### [Task objective]
Reproduce the whole listing word for word. Leave every image out.

*** Available data Section Begins ***

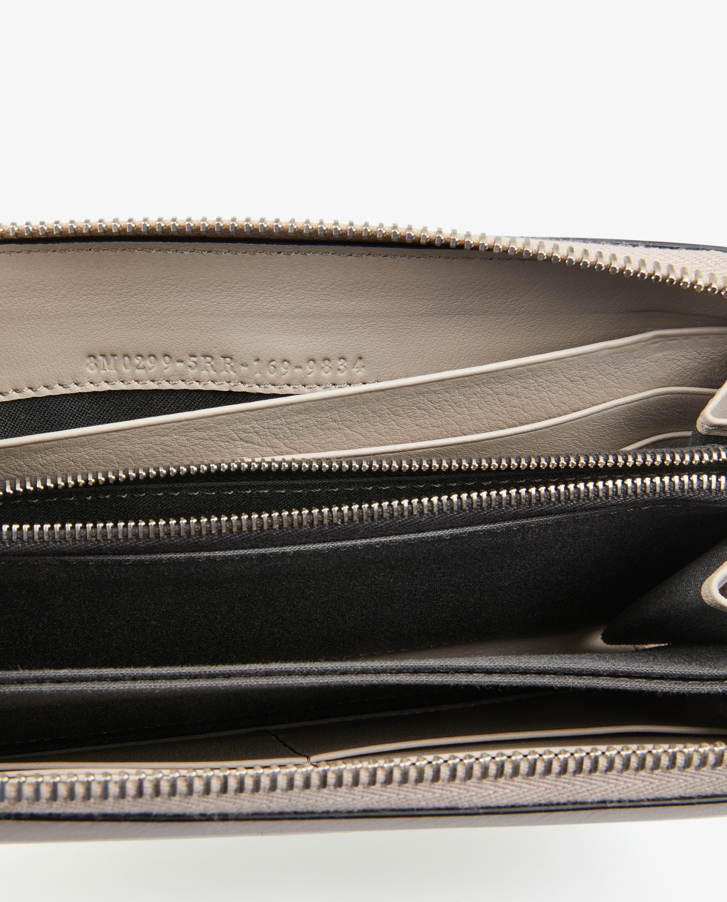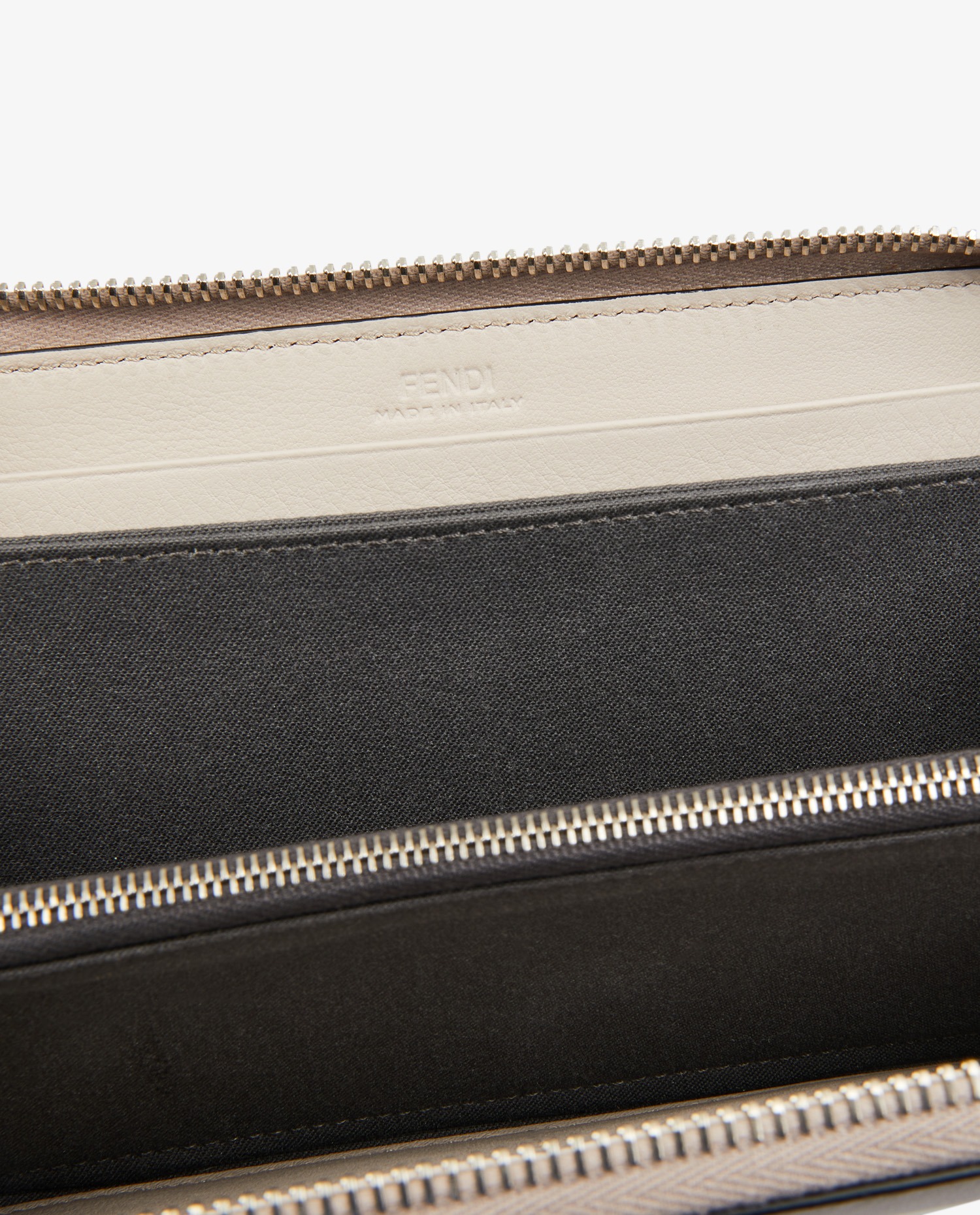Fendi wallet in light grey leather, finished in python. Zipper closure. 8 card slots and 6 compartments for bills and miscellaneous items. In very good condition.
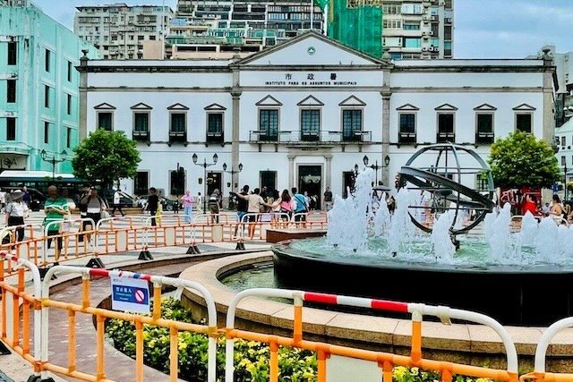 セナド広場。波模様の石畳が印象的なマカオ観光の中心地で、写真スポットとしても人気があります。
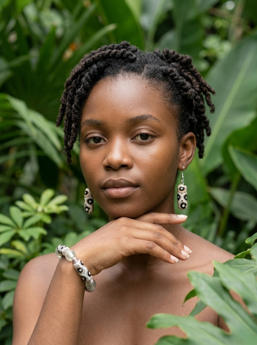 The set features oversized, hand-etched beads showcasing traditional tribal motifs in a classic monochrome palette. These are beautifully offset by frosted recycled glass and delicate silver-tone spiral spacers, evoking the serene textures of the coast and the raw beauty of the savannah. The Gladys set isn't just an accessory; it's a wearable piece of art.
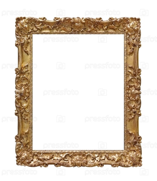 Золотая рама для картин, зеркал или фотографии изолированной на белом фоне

*** Available data Section Ends ***

### [Written reply]
Fendi wallet in light grey leather, finished in python. Zipper closure. 8 card slots and 6 compartments for bills and miscellaneous items. In very good condition.
 セナド広場。波模様の石畳が印象的なマカオ観光の中心地で、写真スポットとしても人気があります。
 The set features oversized, hand-etched beads showcasing traditional tribal motifs in a classic monochrome palette. These are beautifully offset by frosted recycled glass and delicate silver-tone spiral spacers, evoking the serene textures of the coast and the raw beauty of the savannah. The Gladys set isn't just an accessory; it's a wearable piece of art.
 Золотая рама для картин, зеркал или фотографии изолированной на белом фоне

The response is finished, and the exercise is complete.